Causal machine learning for heterogeneous treatment effects in the presence of missing outcome data (2412.19711v2)

Abstract: When estimating heterogeneous treatment effects, missing outcome data can complicate treatment effect estimation, causing certain subgroups of the population to be poorly represented. In this work, we discuss this commonly overlooked problem and consider the impact that missing at random (MAR) outcome data has on causal machine learning estimators for the conditional average treatment effect (CATE). We propose two de-biased machine learning estimators for the CATE, the mDR-learner and mEP-learner, which address the issue of under-representation by integrating inverse probability of censoring weights into the DR-learner and EP-learner respectively. We show that under reasonable conditions, these estimators are oracle efficient, and illustrate their favorable performance through simulated data settings, comparing them to existing CATE estimators, including comparison to estimators which use common missing data techniques. We present an example of their application using the GBSG2 trial, exploring treatment effect heterogeneity when comparing hormonal therapies to non-hormonal therapies among breast cancer patients post surgery, and offer guidance on the decisions a practitioner must make when implementing these estimators.

• The paper introduces novel mDR-learner and mEP-learner methods specifically designed to address the challenge of estimating heterogeneous treatment effects when outcome data is missing at random.
• Conventional causal machine learning methods like DR-learner and EP-learner produce biased estimates with missing data, failing to account for under-representation in subgroups.
• Simulations and a real-world analysis demonstrate that the mDR-learner and mEP-learner achieve oracle efficiency and provide more stable and reliable estimates compared to traditional approaches.

An Examination of Causal Machine Learning Methods for Estimating Heterogeneous Treatment Effects with Missing Outcome Data

The paper explores the challenge of estimating heterogeneous treatment effects when outcome data is missing at random (MAR). This situation is prevalent in real-world scenarios, where data collection processes often encounter incomplete datasets. The authors critically assess the underlying biases and inefficiencies that arise from using conventional machine learning approaches to estimate the Conditional Average Treatment Effect (CATE) in these conditions.

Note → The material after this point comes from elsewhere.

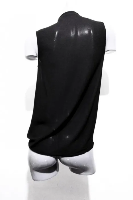 COLOR NEGRO, TEXTURA TIPO GASA, TALLA CHICA, MEDIDAS DE UNA CARA: AXILA A AXILA 45, LARGO 68 CM.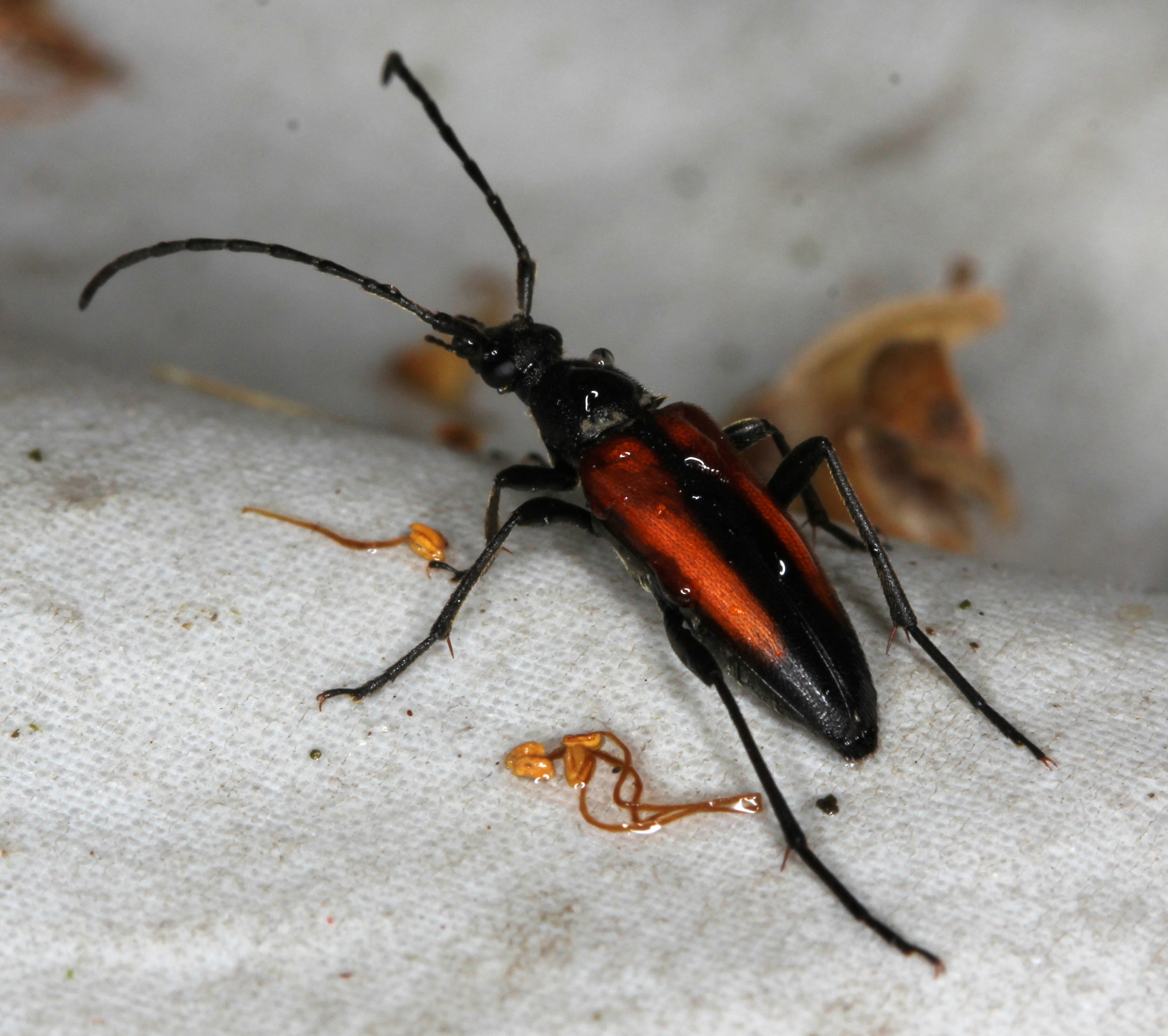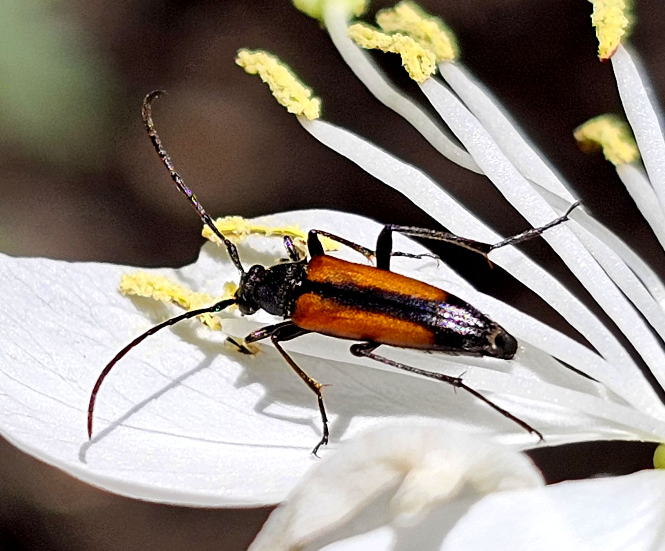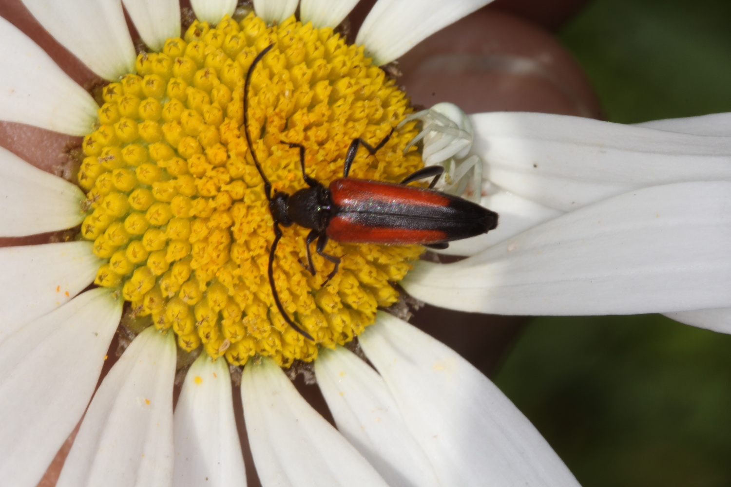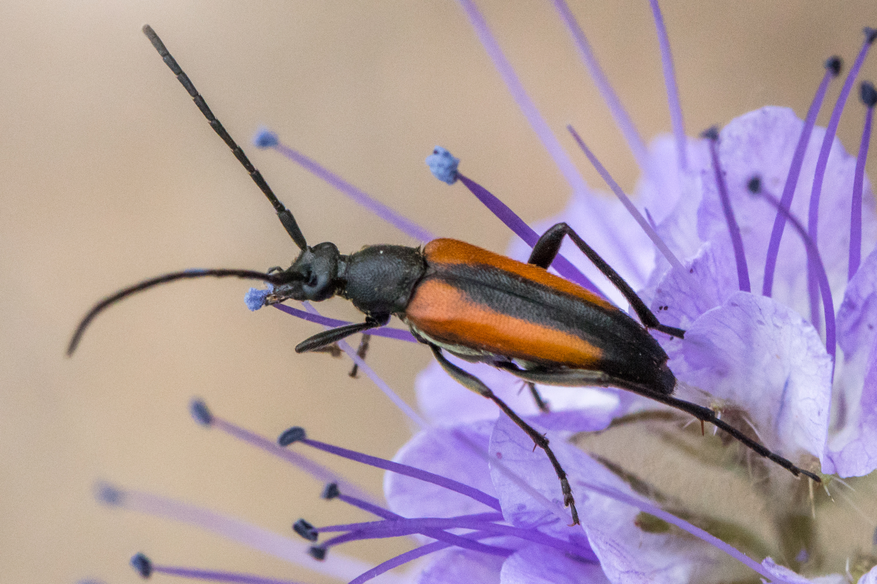 Männchen von Stenurella melanura in Radeberg im Mai 2008. Der zweite Käfer im Hintergrund ist Pseudovadonia livida.

A primary focus is the impact of MAR outcome data on existing causal machine learning estimators, specifically the DR-learner and EP-learner, which traditionally assume fully observed datasets. The paper argues that these conventional methods do not adequately address under-representation, especially in subgroups with high dropout rates, resulting in biased CATE estimates. Common strategies such as using inverse probability of censoring weights (IPCW) or data imputation are noted to introduce further inaccuracies due to the inherent complexities and slow convergence rates associated with non-parametric machine learning techniques.

To ameliorate these issues, the authors introduce two novel estimators: the mDR-learner and mEP-learner. These are enhanced versions of the DR-learner and EP-learner that incorporate correction mechanisms specifically designed for MAR data. The mDR-learner modifies the pseudo-outcome construction process by integrating IPCWs, thereby adjusting for both the missing data and pre-existing confounding in the analysis. Similarly, the mEP-learner extends the EP-learner by employing an infinite-dimensional targeting approach, aiming to stabilize CATE estimates even in the presence of extreme propensity scores.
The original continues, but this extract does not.